■ **Provided records**:
Segment Open

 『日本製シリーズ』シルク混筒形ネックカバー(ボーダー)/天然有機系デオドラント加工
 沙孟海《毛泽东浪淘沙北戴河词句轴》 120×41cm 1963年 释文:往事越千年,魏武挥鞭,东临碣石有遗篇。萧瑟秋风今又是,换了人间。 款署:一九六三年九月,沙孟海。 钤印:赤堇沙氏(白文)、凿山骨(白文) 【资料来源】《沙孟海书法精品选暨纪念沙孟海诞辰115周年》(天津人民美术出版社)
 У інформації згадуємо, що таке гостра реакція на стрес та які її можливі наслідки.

Segment Closed
Segment Open

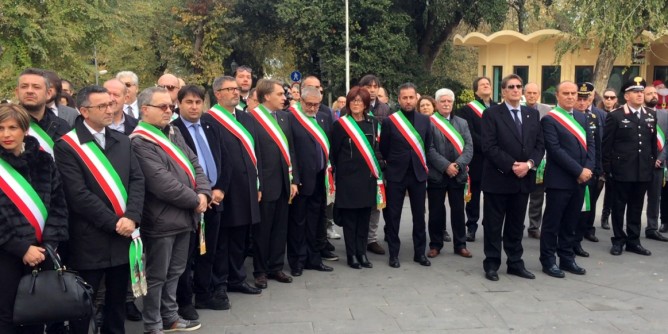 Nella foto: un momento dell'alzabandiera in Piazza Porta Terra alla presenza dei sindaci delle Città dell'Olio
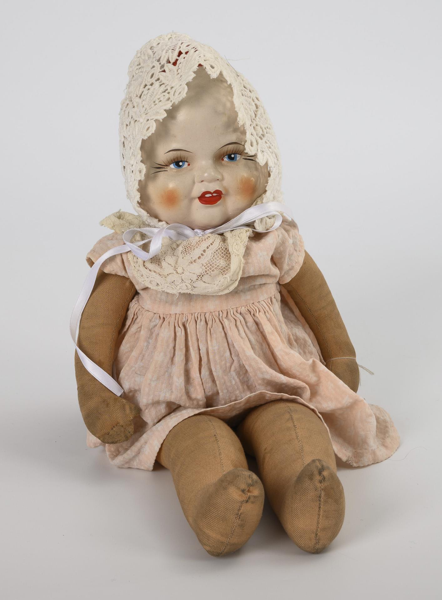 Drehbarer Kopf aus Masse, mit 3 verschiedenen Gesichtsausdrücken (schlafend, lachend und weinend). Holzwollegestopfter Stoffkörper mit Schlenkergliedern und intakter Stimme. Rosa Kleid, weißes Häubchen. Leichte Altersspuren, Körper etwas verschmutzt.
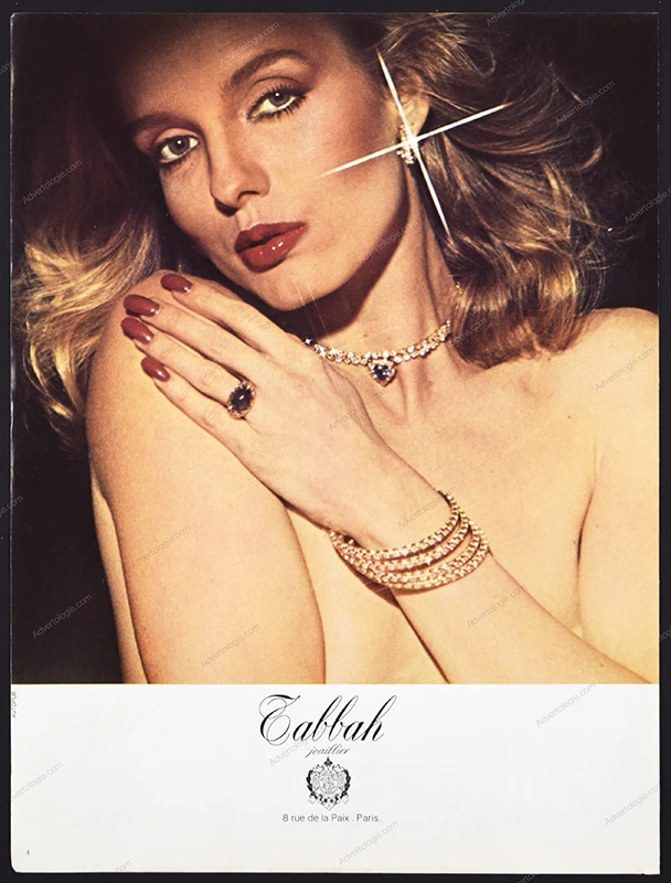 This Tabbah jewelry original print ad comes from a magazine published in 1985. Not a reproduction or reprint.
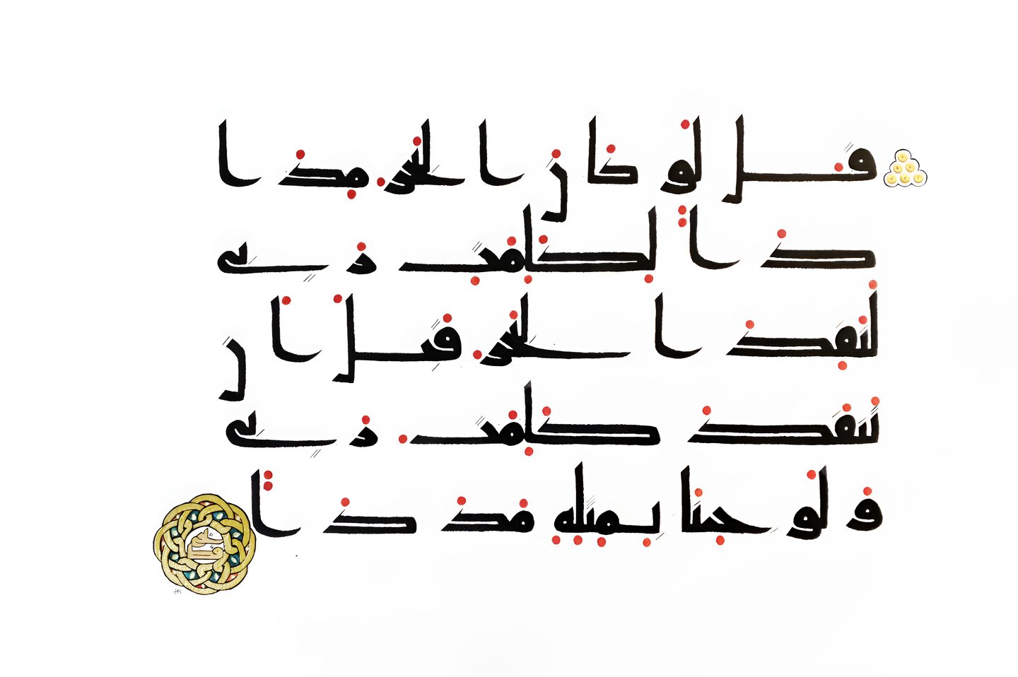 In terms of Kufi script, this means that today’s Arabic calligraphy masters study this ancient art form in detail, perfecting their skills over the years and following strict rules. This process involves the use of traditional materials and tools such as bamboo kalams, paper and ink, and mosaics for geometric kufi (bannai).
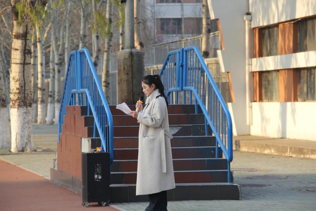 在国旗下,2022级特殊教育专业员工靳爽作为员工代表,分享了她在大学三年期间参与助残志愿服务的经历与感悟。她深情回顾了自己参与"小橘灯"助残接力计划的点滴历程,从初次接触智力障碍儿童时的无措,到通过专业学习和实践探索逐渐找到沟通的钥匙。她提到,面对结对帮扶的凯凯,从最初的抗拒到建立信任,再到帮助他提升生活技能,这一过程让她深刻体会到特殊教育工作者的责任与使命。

Segment Closed

■ **Task goal**: Look above for the line with "Drehbarer Kopf aus" and the line with "在国旗下,2022级特殊教育", then restate exactly those two lines and all lines between them, with no pictures.

■ **Task output**:
 Drehbarer Kopf aus Masse, mit 3 verschiedenen Gesichtsausdrücken (schlafend, lachend und weinend). Holzwollegestopfter Stoffkörper mit Schlenkergliedern und intakter Stimme. Rosa Kleid, weißes Häubchen. Leichte Altersspuren, Körper etwas verschmutzt.
 This Tabbah jewelry original print ad comes from a magazine published in 1985. Not a reproduction or reprint.
 In terms of Kufi script, this means that today’s Arabic calligraphy masters study this ancient art form in detail, perfecting their skills over the years and following strict rules. This process involves the use of traditional materials and tools such as bamboo kalams, paper and ink, and mosaics for geometric kufi (bannai).
 在国旗下,2022级特殊教育专业员工靳爽作为员工代表,分享了她在大学三年期间参与助残志愿服务的经历与感悟。她深情回顾了自己参与"小橘灯"助残接力计划的点滴历程,从初次接触智力障碍儿童时的无措,到通过专业学习和实践探索逐渐找到沟通的钥匙。她提到,面对结对帮扶的凯凯,从最初的抗拒到建立信任,再到帮助他提升生活技能,这一过程让她深刻体会到特殊教育工作者的责任与使命。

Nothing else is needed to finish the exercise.